Chapter 6.5, Problem 23E

(a)

To determine

To find : The carrying capacity of the population.

Answer to Problem 23E

The answer is:

The carrying capacity of $200$ individuals

Explanation of Solution

Given information:

The differential equation is: $\frac{dP}{dt}=0.006P(200-P)$

Calculation:

The logistic differential equation is:

  $\frac{dP}{dt}=kP(M-P)$

Where $M$ is maximal carrying capacity.

  $\begin{array}{c}\frac{dP}{dt}=0.006P(200-P)\\ \Rightarrow M=200\end{array}$

Therefore the required carrying capacity of $200$ individuals.

(b)

To determine

To find: The size of the population when it is growing fastest.

Answer to Problem 23E

The answer is:

  $100$ individuals

Explanation of Solution

Given information:

The differential equation is: $\frac{dP}{dt}=0.006P(200-P)$

Calculation:

When the carrying capacity is cut in half, the growth is fastest (this is stated in question 3 under exploration 2 in  textbook examples). Since the carrying capacity from section a) is $200$ people, half of that number is $100$ people.
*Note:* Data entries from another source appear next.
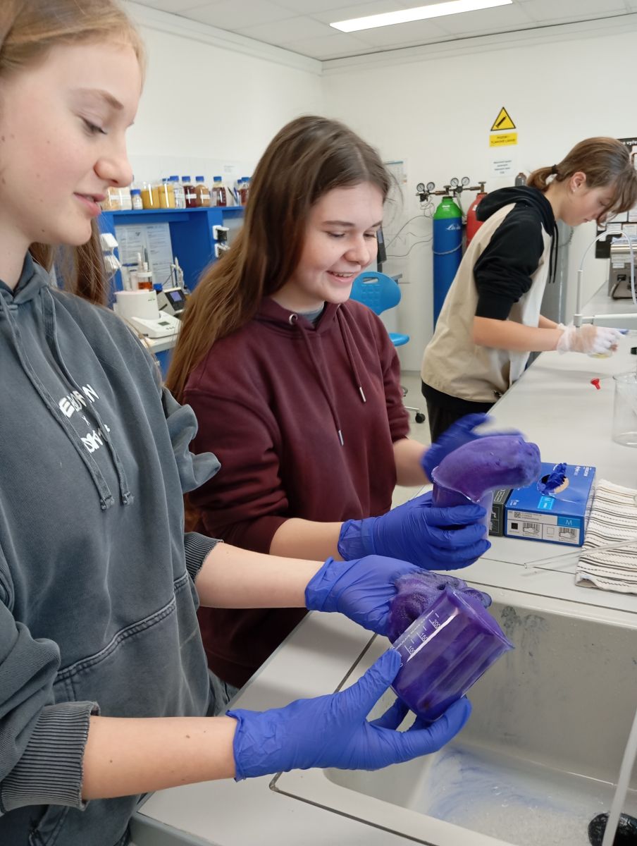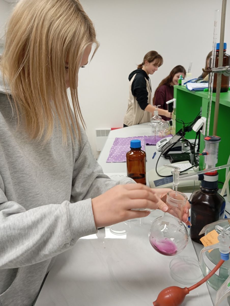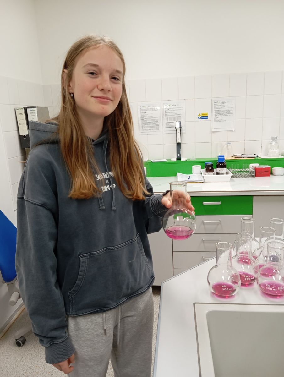 Technologické postupy byly vysvětleny tak, že jim rozuměli i laici. V laboratoři si žáci vyzkoušeli stanovení tvrdosti vody pomocí titrace a paní laborantky jim navíc připravily zajímavý chemický pokus pro zpestření programu. Každý si tak mohl chemii doslova osahat.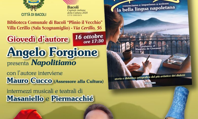 Giovedì 16 ottobre 2025, alle ore 17:30, presso la Sala Eduardo Scognamiglio di Villa Cerillo, ci sarà la presentazione del nuovo libro “Napolitiamo – cominciamo e impariamo a scrivere la bella lingua napoletana” del giornalista, scrittore e “napoletanista” Angelo Forgione. Ospiti il caratterista Piermacchié e il cantante e musicista Masaniello.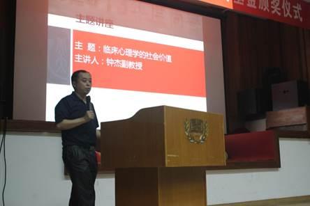 颁奖环节结束后,钟杰老师为大家作了题为“临床心理学的社会价值”的精彩讲座,钟杰老师结合自身经历,与大家分享了他在临床心理学研究领域的很多见闻与思考,深入浅出地让在场师生理解了临床心理学所具有的重大社会价值。随后的观众提问环节,钟老师又就大家关心的问题耐心细致地进行了回答。本次活动也就此圆满结束。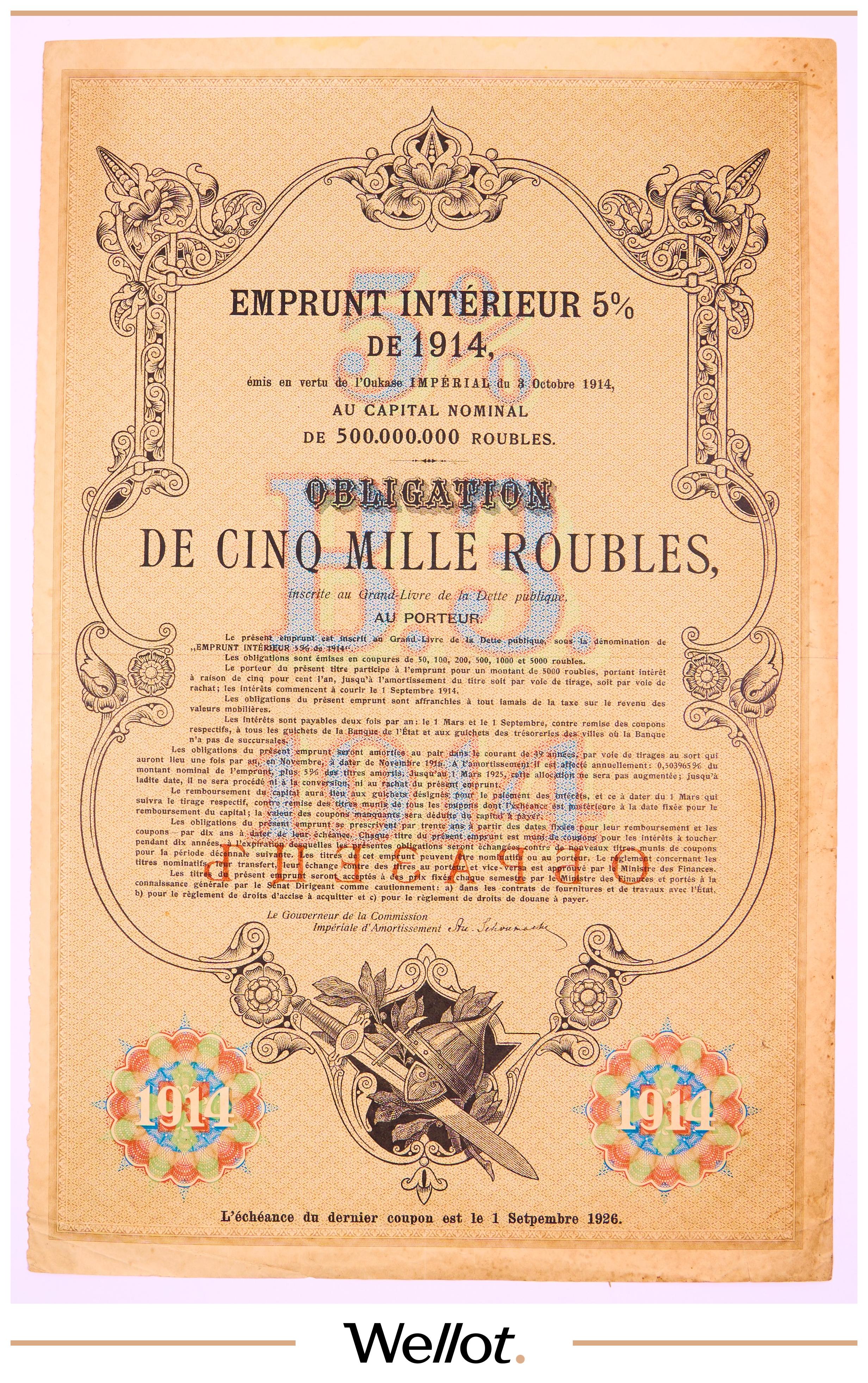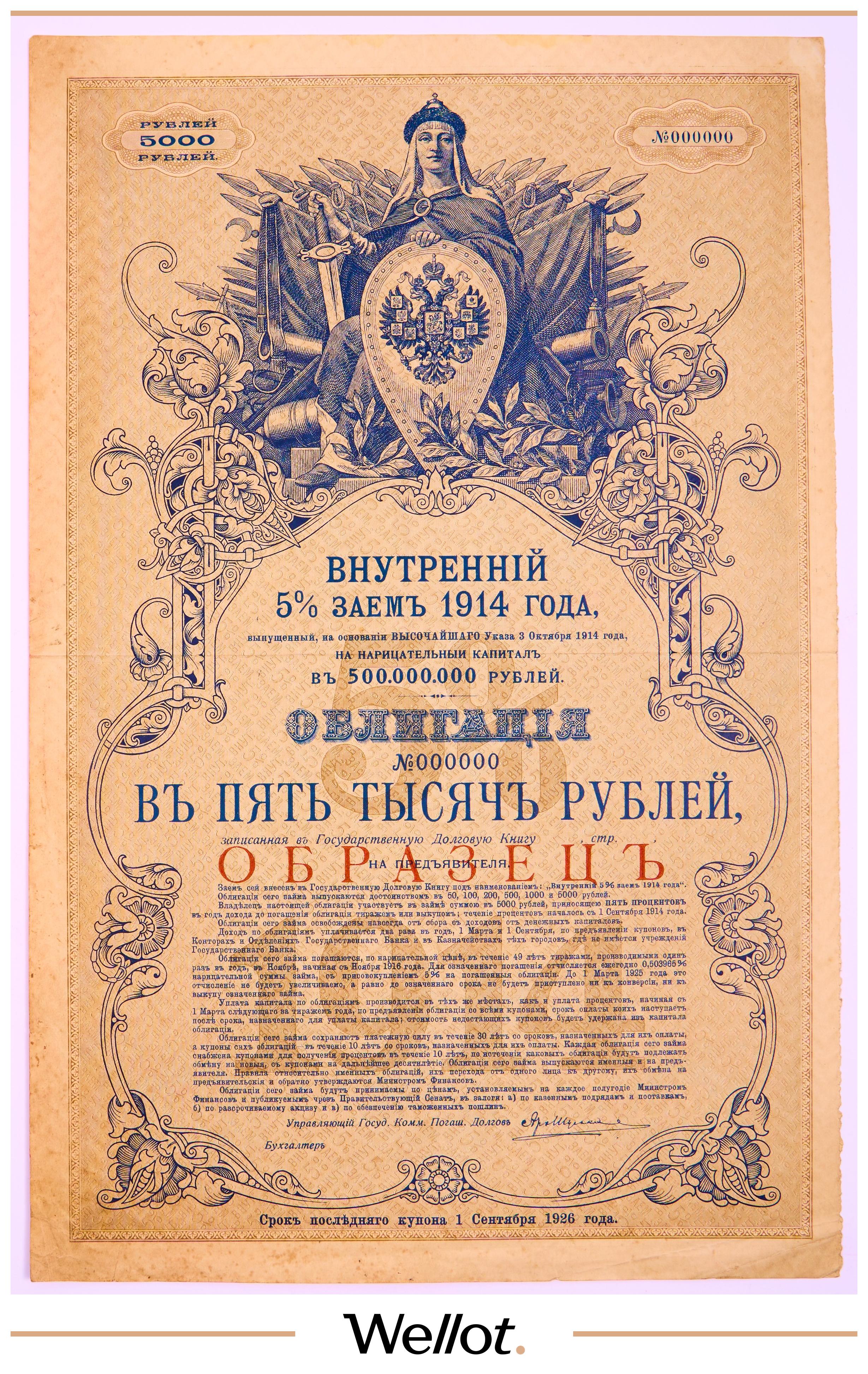 5000 Рублей 1914 Российская Империя Внутренний 5% Заем Образец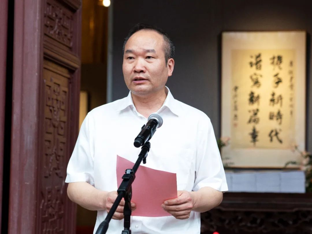邵根松在讲话中肯定了杭州佛教界近年来在加强爱国主义教育,推动佛教事业健康发展方面做出的重要成绩,并对本次书画展表示热烈祝贺。他说,此次展出的书画作品讴歌了中国共产党成立100周年来的光辉历程和丰功伟绩,大家用多种书画形式表达对祖国、对人民、对中国共产党的真挚感情,体现了对中国特色社会主义的道路自信、理论自信、制度自信、文化自信。他希望杭州市宗教界人士以此为契机,展风采、筑同心、聚力量,与党同心同向同行,为实现中华民族伟大复兴的中国梦作出新的更大贡献。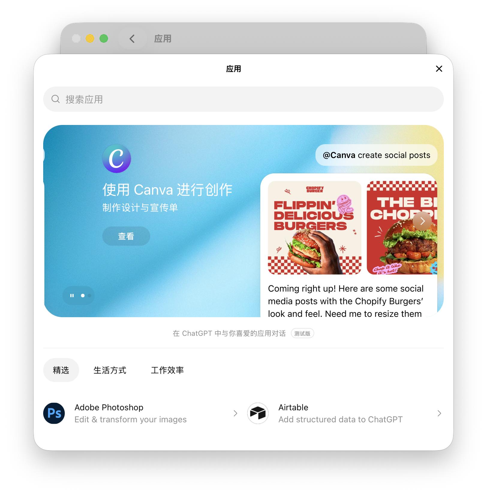 先讲讲 ChatGPT 的桌面端,它已经不只是一个对话窗口,同时也在尝试打造一个以 ChatGPT 为核心的应用生态。在实际使用中,可以直接调用 macOS 本地应用,也可以接入一批已经打通的第三方工具,比如 Adobe Photoshop、Canva、Figma、Apple Music、OpenTable 等。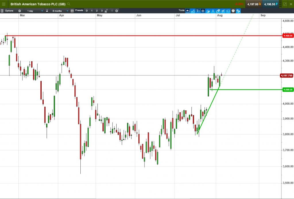 • Will the price fall towards lows of 4098p (-2.4%)? or;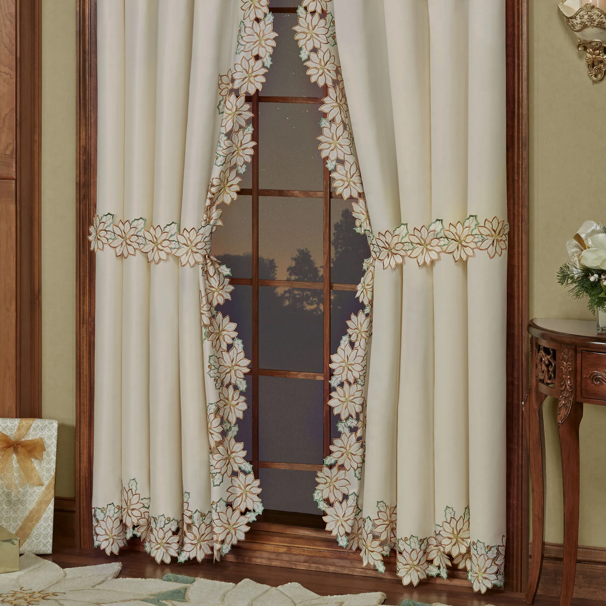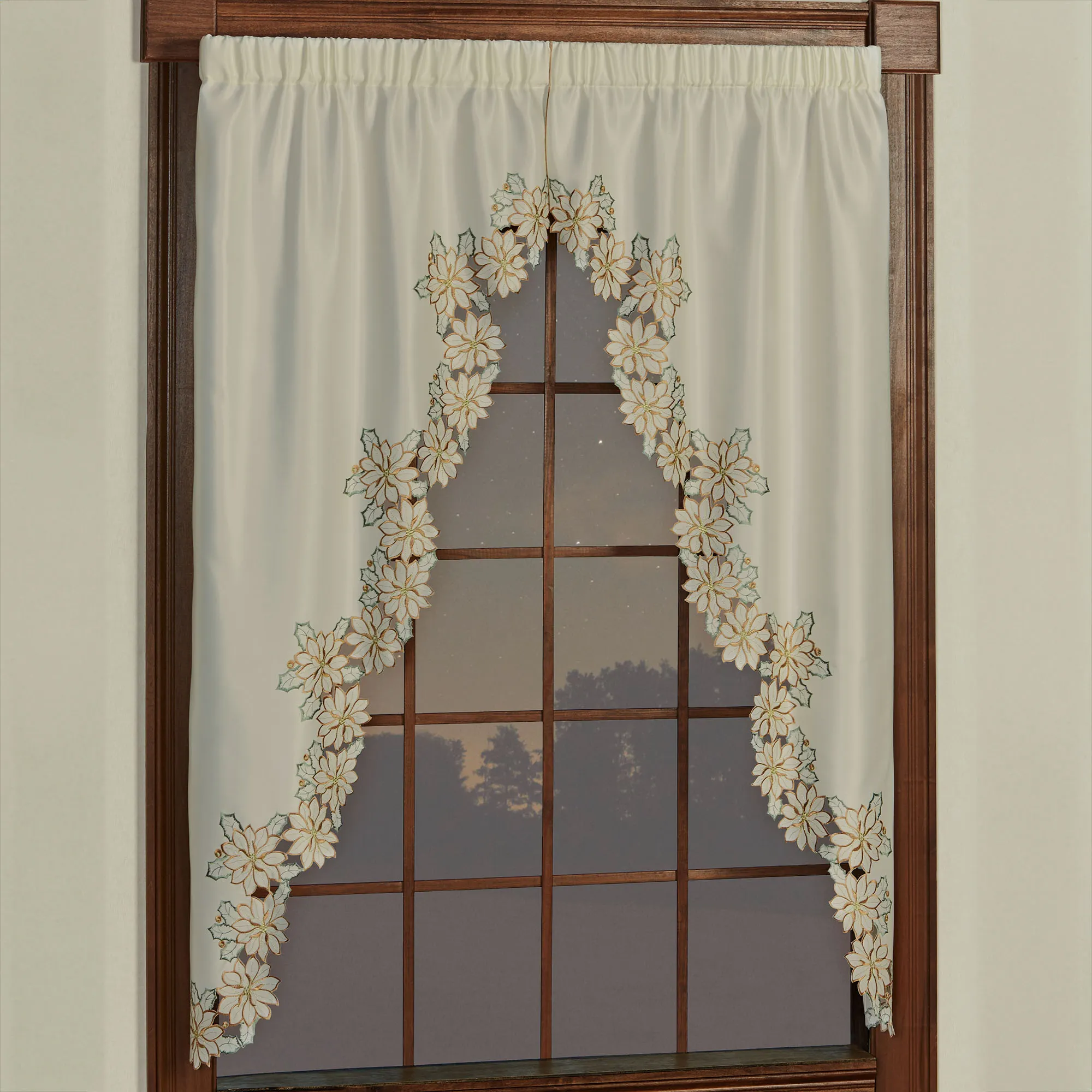 Winter Poinsettia Ivory Cutwork Swag Window Treatment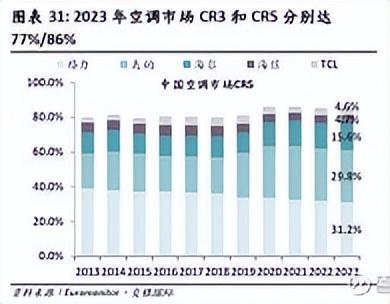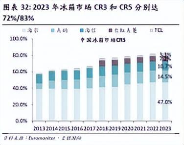 具体来看,①空调行业CR3较为稳定。自2015年后格力市场份额逐渐被美的系追赶,截至2023年末行业呈现格力、美的系市占率分别为31.2%和29.8%的双寡头格局;②冰箱市场CR3仍在逐年提升,海尔市占率由2013年的39%提升至2023年的47%,呈现一家独大局面;③洗衣机市场CR3呈现逐年提高趋势,截至2023年末海尔市占率50.8%,美的系市占率28.2%,双寡头间的市场份额差距较为明显。

Therefore the required $100$ individuals of the population when it is growing fastest .

(c)

To determine

To find: The rate at that the population when it is growing fastest.

Answer to Problem 23E

The answer is:

  $60$ people per year.

Explanation of Solution

Given information:

The differential equation is: $\frac{dP}{dt}=0.006P(200-P)$

Calculation:

The logistic differential equation is:

  $\frac{dP}{dt}=kP(M-P)$ Where $M$ is maximal carrying capacity.

Comparing its to the given differential equation $\frac{dP}{dt}=0.006P(200-P)$ , then gives

  $M=200$

To determine the pace at which the population is growing while it is doing so at a rate that is the fastest, must discover the rate at which $P=100$

  $P=100$ is then substituted into the differential equation to produce:

  $\begin{array}{c}\frac{dP}{dt}=0.006(100)(200-100)\\ =0.6(100)\\ =60\end{array}$

Therefore the required rate at that the population when it is growing fastest is $60$ people per year.